[Data excerpts]
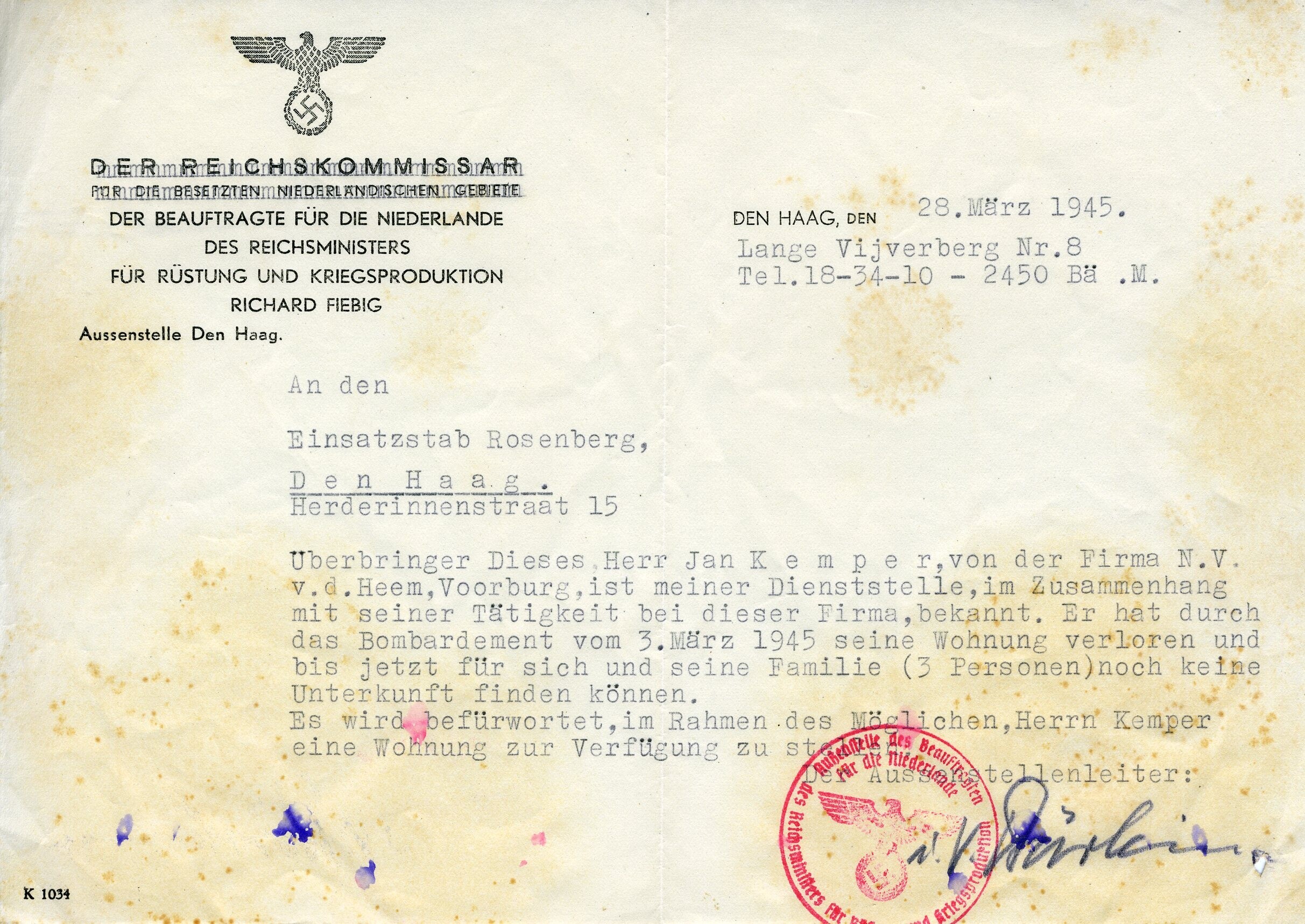 Een brief waarin wordt aangedrongen op het verstrekken van een woning aan Jan Kemper van de firma N.V. v.d. Heem te Voorburg, aangezien deze bij het bombardement van 3 maart 1945 zijn woning is verloren.
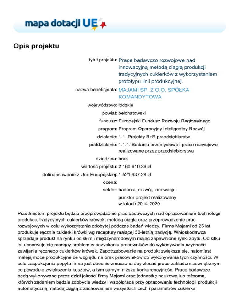 Opis projektu tytuł projektu: Prace badawczo rozwojowe nad innowacyjną metodą ciągłą produkcji tradycyjnych cukierków z wykorzystaniem prototypu linii produkcyjnej. nazwa beneficjenta: MAJAMI SP. Z O.O. SPÓŁKA KOMANDYTOWA województwo: łódzkie powiat: bełchatowski fundusz: Europejski Fundusz Rozwoju Regionalnego program: Program Operacyjny Inteligentny Rozwój działanie: 1.1. Projekty B+R przedsiębiorstw poddziałanie: 1.1.1. Badania przemysłowe i prace rozwojowe realizowane przez przedsiębiorstwa dziedzina: brak wartość projektu: 2 160 610.36 zł dofinansowanie z Unii Europejskiej: 1 521 937.28 zł ocena: sektor: badania, rozwój, innowacje punktor projekt realizowany w latach 2014-2020 Przedmiotem projektu będzie przeprowadzenie prac badawczych nad opracowaniem technologii produkcji, tradycyjnych cukierków krówek, metodą ciągłą oraz przeprowadzenie prac rozwojowych w celu wykorzystania zdobytej podczas badań wiedzy. Firma Majami od 25 lat produkuje ręcznie cukierki krówki wg receptury mającej 50-letnią tradycję. Wnioskodawca sprzedaje produkt na rynku polskim i międzynarodowym mając zapewnione rynki zbytu. Od kilku lat obserwuje się rosnący problem w pozyskaniu pracowników do wykonywania czynności zawijania ręcznego cukierków krówek. Zapotrzebowanie na produkt zwiększa się, natomiast maleją moce produkcyjne ze względu na brak pracowników do wykonywania tych czynności. W celu zaspokojenia popytu firma jest obecnie zmuszona aby zlecać prace zakładom zewnętrznym co powoduje zwiększenia kosztów, a tym samym niższą konkurencyjność. Prace badawcze będą wykonywane przez dział jakości firmy Majami oraz jednostkę naukową lub tożsamą, których zadaniem będzie zdobycie wiedzy i współpraca przy opracowaniu technologii produkcji automatyczną metodą ciągłą z zachowaniem wszystkich cech i parametrów cukierka produkowanego ręcznie. Metoda ciągła produkcji zastępowałaby pracę ręczną produkcji cukierków pracą zmechanizowaną. Do zachowania tożsamej charakterystyki cukierka niezbędne jest opracowanie technologii produkcji, która przy eliminacji pracy ludzkiej ale przy wykorzystaniu tej samej receptury pozwoli uzyskać produkt identyczny. Na podstawie posiadanej koncepcji dział infrastruktury firmy Majami zbuduje prototyp kompletnej linii produkcyjnej, na którym będą wykonywane próby. Prace rozwojowe będą polegały na testowaniu produkcji oraz potwierdzeniu wyników zdobytej wiedzy poprzez demonstrację innowacyjnej technologii produkcji metodą ciągłą w warunkach rzeczywistego funkcjonowania. Na etapie prac rozwojowych zostanie opracowania kompletna dokumentacja systemowa niezbędna do wdrożenia wyników prac badawczo-rozwojowych we własnych przedsiębiorstwie.
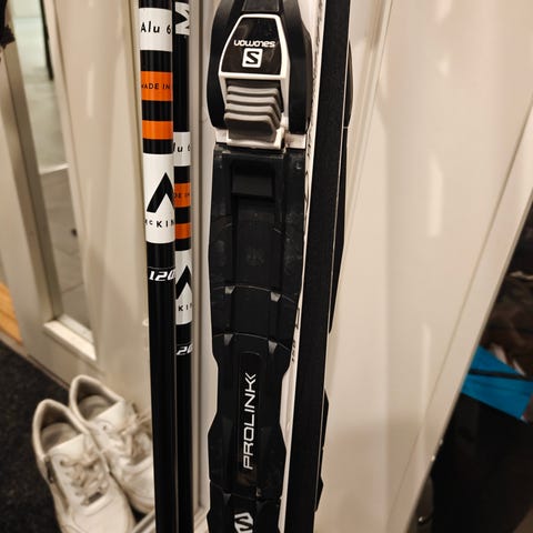 Suksien mukana tulee 145cm pitkät sauvat ja Salomonin 38 2/3 kokoiset monot.
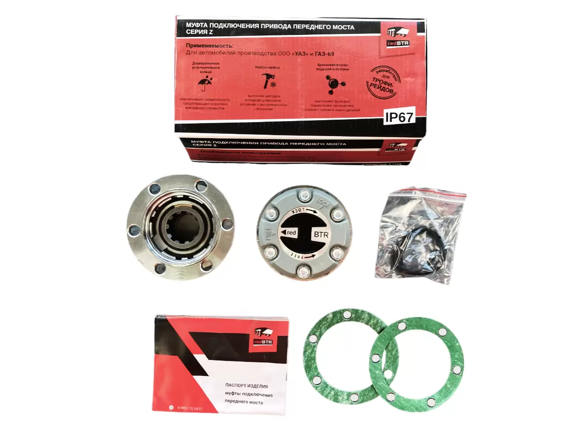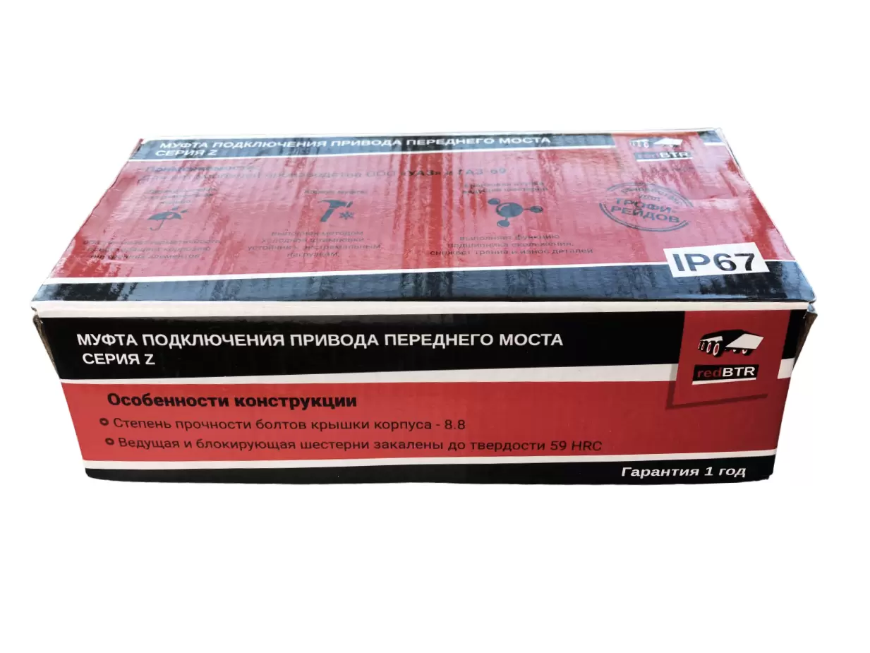 Корпус муфты redBTR УАЗ серии Z выполнен методом холодной штамповки, без предварительного нагрева заготовки. Для металлов и сплавов такая обработка давлением соответствует условиям холодной пластической деформации, сопровождающейся изменением физико-механических свойств. Это позволило redBTR произвести колесную муфту с наилучшими эксплуатационными показателями (повышенная прочность, высокая твердость и износостойкость) при относительно низкой массе детали.
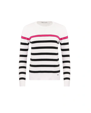 A fine sweater with a high content of viscose, featuring a classic stripe design in white, black and fuchsia. The model has long sleeves, a round neckline, and a regular fit.
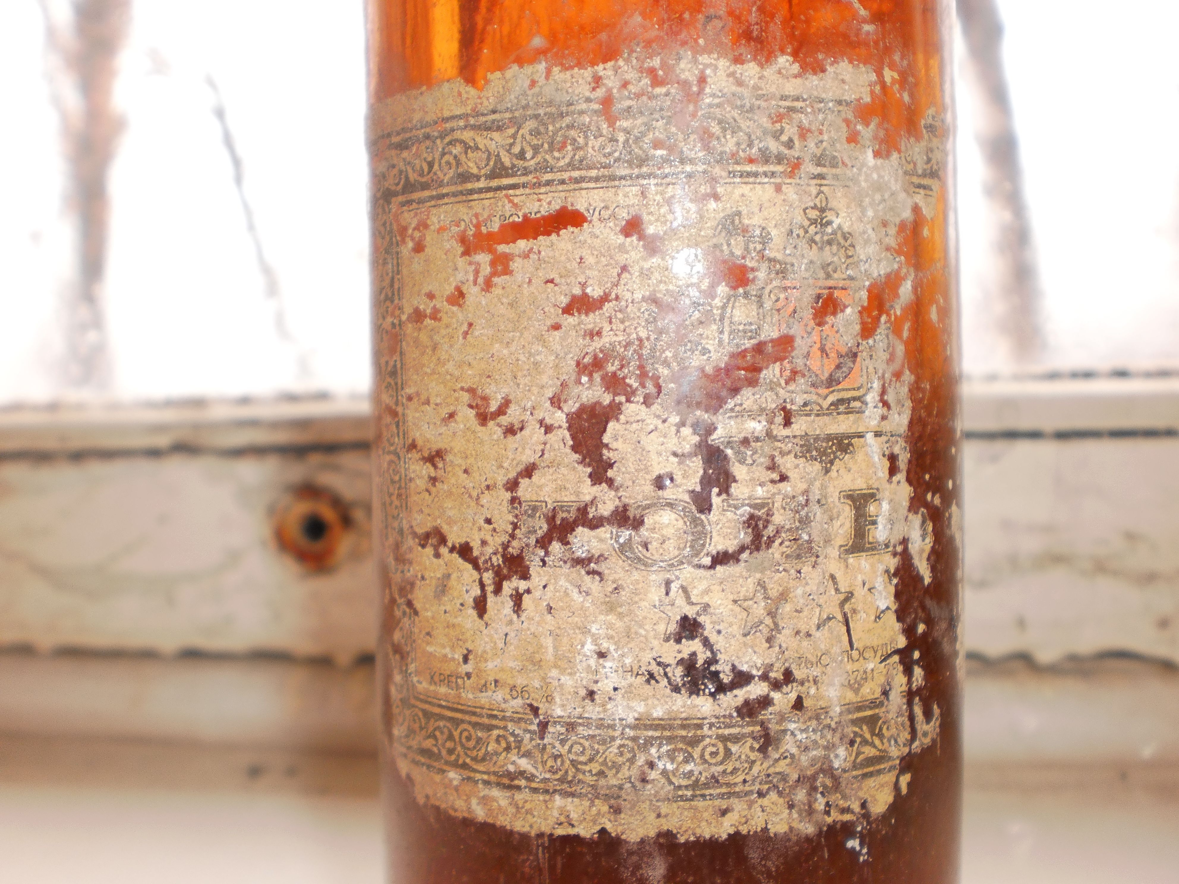Здравствуйте! Помогите пожалуйста оценить коньяк. Хранился в погребе гаража дедушки. Недавно начали там наводить порядок и нашли.
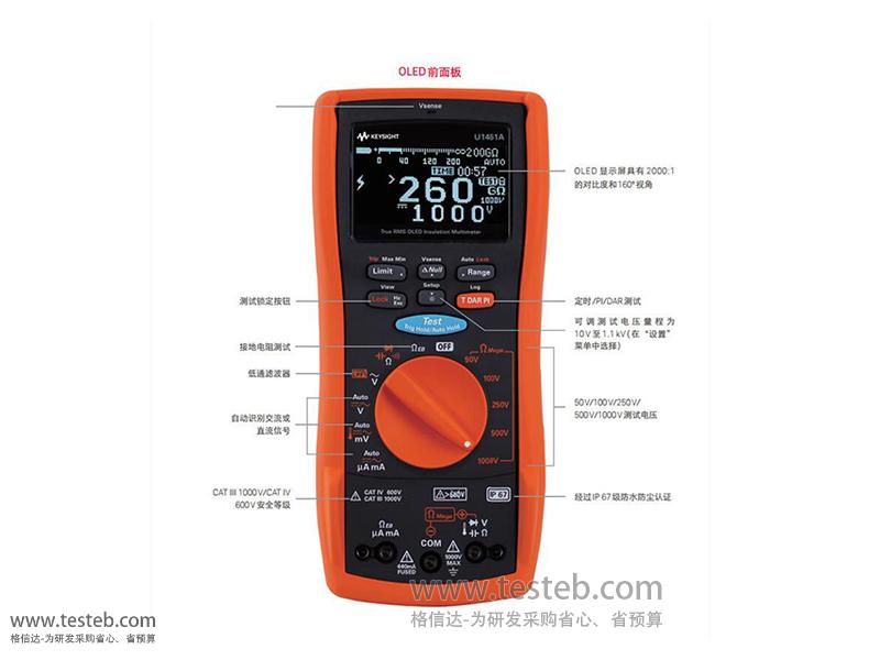 Keysight U1461A絕緣電阻表支持50V~1000V的測試電壓,高達260GΩ絕緣電阻量程,具有全功能型 4.5位OLED顯示屏,一表多用高效測試,可適用于嚴苛惡劣的測試環境。
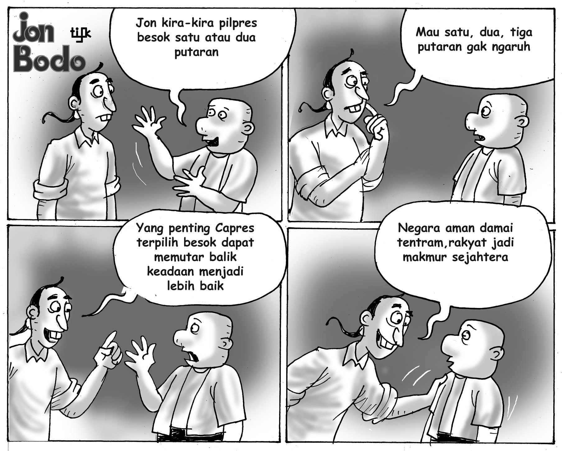 JON aku sudah punya pilihan Presiden dan Wakil Presiden di pemilu besok, soalnya program kerjanya menyejahterakan rakyat...
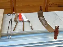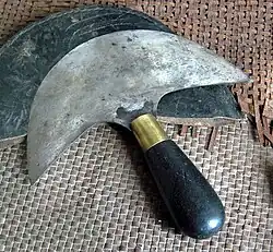 - Head knife or Round knife: A knife with a semicircular blade used since antiquity to cut leather.
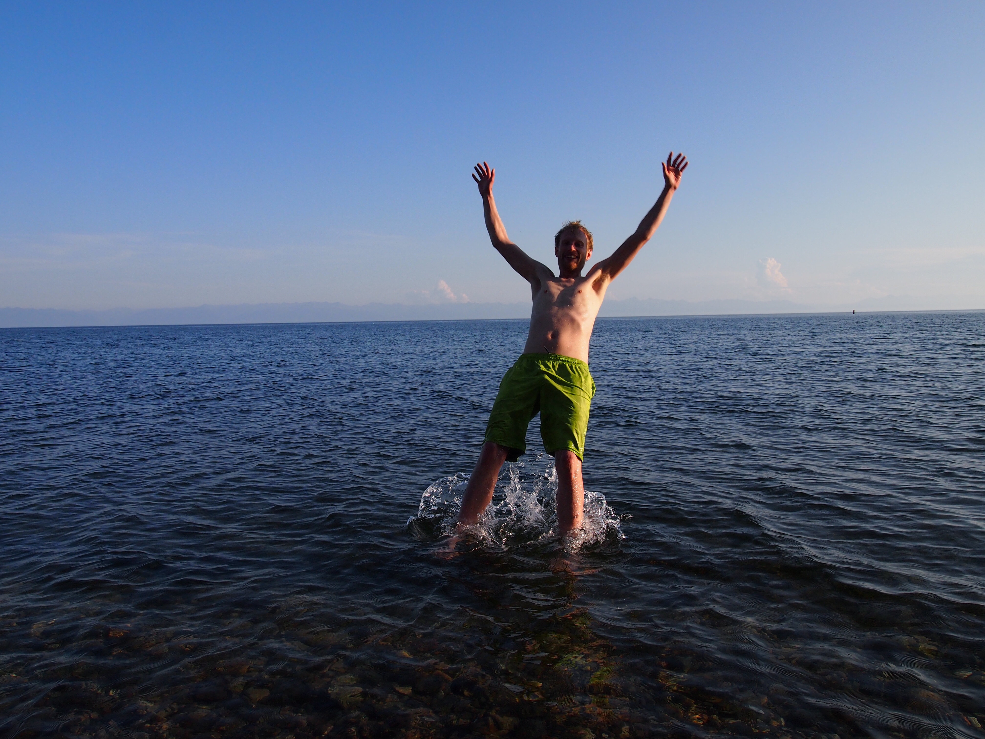 Da Port Baikal ja nicht so war, nahmen wir die (dieses mal reguläre) Fähre zurück nach Listwijanka und machten uns auf den Weg zum Strand. Dabei mussten wir einmal durch den ganzen Ort und mussten feststellen, dass diese Ort ein reiner Touristenort ist. Allerorts wurden Bootsausflüge angepriesen und Restaurant reiht sich an Imbiss an Hotel an Souvenirladen. Im Restaurant heute Abend waren zeitweise auch alle Tische mit Deutschen belegt 😀

TASK ITEM: If an entry contains a picture, leave it out and repeat the rest exactly.

ANSWER FOR THE TASK:
 Een brief waarin wordt aangedrongen op het verstrekken van een woning aan Jan Kemper van de firma N.V. v.d. Heem te Voorburg, aangezien deze bij het bombardement van 3 maart 1945 zijn woning is verloren.
 Opis projektu tytuł projektu: Prace badawczo rozwojowe nad innowacyjną metodą ciągłą produkcji tradycyjnych cukierków z wykorzystaniem prototypu linii produkcyjnej. nazwa beneficjenta: MAJAMI SP. Z O.O. SPÓŁKA KOMANDYTOWA województwo: łódzkie powiat: bełchatowski fundusz: Europejski Fundusz Rozwoju Regionalnego program: Program Operacyjny Inteligentny Rozwój działanie: 1.1. Projekty B+R przedsiębiorstw poddziałanie: 1.1.1. Badania przemysłowe i prace rozwojowe realizowane przez przedsiębiorstwa dziedzina: brak wartość projektu: 2 160 610.36 zł dofinansowanie z Unii Europejskiej: 1 521 937.28 zł ocena: sektor: badania, rozwój, innowacje punktor projekt realizowany w latach 2014-2020 Przedmiotem projektu będzie przeprowadzenie prac badawczych nad opracowaniem technologii produkcji, tradycyjnych cukierków krówek, metodą ciągłą oraz przeprowadzenie prac rozwojowych w celu wykorzystania zdobytej podczas badań wiedzy. Firma Majami od 25 lat produkuje ręcznie cukierki krówki wg receptury mającej 50-letnią tradycję. Wnioskodawca sprzedaje produkt na rynku polskim i międzynarodowym mając zapewnione rynki zbytu. Od kilku lat obserwuje się rosnący problem w pozyskaniu pracowników do wykonywania czynności zawijania ręcznego cukierków krówek. Zapotrzebowanie na produkt zwiększa się, natomiast maleją moce produkcyjne ze względu na brak pracowników do wykonywania tych czynności. W celu zaspokojenia popytu firma jest obecnie zmuszona aby zlecać prace zakładom zewnętrznym co powoduje zwiększenia kosztów, a tym samym niższą konkurencyjność. Prace badawcze będą wykonywane przez dział jakości firmy Majami oraz jednostkę naukową lub tożsamą, których zadaniem będzie zdobycie wiedzy i współpraca przy opracowaniu technologii produkcji automatyczną metodą ciągłą z zachowaniem wszystkich cech i parametrów cukierka produkowanego ręcznie. Metoda ciągła produkcji zastępowałaby pracę ręczną produkcji cukierków pracą zmechanizowaną. Do zachowania tożsamej charakterystyki cukierka niezbędne jest opracowanie technologii produkcji, która przy eliminacji pracy ludzkiej ale przy wykorzystaniu tej samej receptury pozwoli uzyskać produkt identyczny. Na podstawie posiadanej koncepcji dział infrastruktury firmy Majami zbuduje prototyp kompletnej linii produkcyjnej, na którym będą wykonywane próby. Prace rozwojowe będą polegały na testowaniu produkcji oraz potwierdzeniu wyników zdobytej wiedzy poprzez demonstrację innowacyjnej technologii produkcji metodą ciągłą w warunkach rzeczywistego funkcjonowania. Na etapie prac rozwojowych zostanie opracowania kompletna dokumentacja systemowa niezbędna do wdrożenia wyników prac badawczo-rozwojowych we własnych przedsiębiorstwie.
 Suksien mukana tulee 145cm pitkät sauvat ja Salomonin 38 2/3 kokoiset monot.
 Корпус муфты redBTR УАЗ серии Z выполнен методом холодной штамповки, без предварительного нагрева заготовки. Для металлов и сплавов такая обработка давлением соответствует условиям холодной пластической деформации, сопровождающейся изменением физико-механических свойств. Это позволило redBTR произвести колесную муфту с наилучшими эксплуатационными показателями (повышенная прочность, высокая твердость и износостойкость) при относительно низкой массе детали.
 A fine sweater with a high content of viscose, featuring a classic stripe design in white, black and fuchsia. The model has long sleeves, a round neckline, and a regular fit.
Здравствуйте! Помогите пожалуйста оценить коньяк. Хранился в погребе гаража дедушки. Недавно начали там наводить порядок и нашли.
 Keysight U1461A絕緣電阻表支持50V~1000V的測試電壓,高達260GΩ絕緣電阻量程,具有全功能型 4.5位OLED顯示屏,一表多用高效測試,可適用于嚴苛惡劣的測試環境。
 JON aku sudah punya pilihan Presiden dan Wakil Presiden di pemilu besok, soalnya program kerjanya menyejahterakan rakyat...
 - Head knife or Round knife: A knife with a semicircular blade used since antiquity to cut leather.
 Da Port Baikal ja nicht so war, nahmen wir die (dieses mal reguläre) Fähre zurück nach Listwijanka und machten uns auf den Weg zum Strand. Dabei mussten wir einmal durch den ganzen Ort und mussten feststellen, dass diese Ort ein reiner Touristenort ist. Allerorts wurden Bootsausflüge angepriesen und Restaurant reiht sich an Imbiss an Hotel an Souvenirladen. Im Restaurant heute Abend waren zeitweise auch alle Tische mit Deutschen belegt 😀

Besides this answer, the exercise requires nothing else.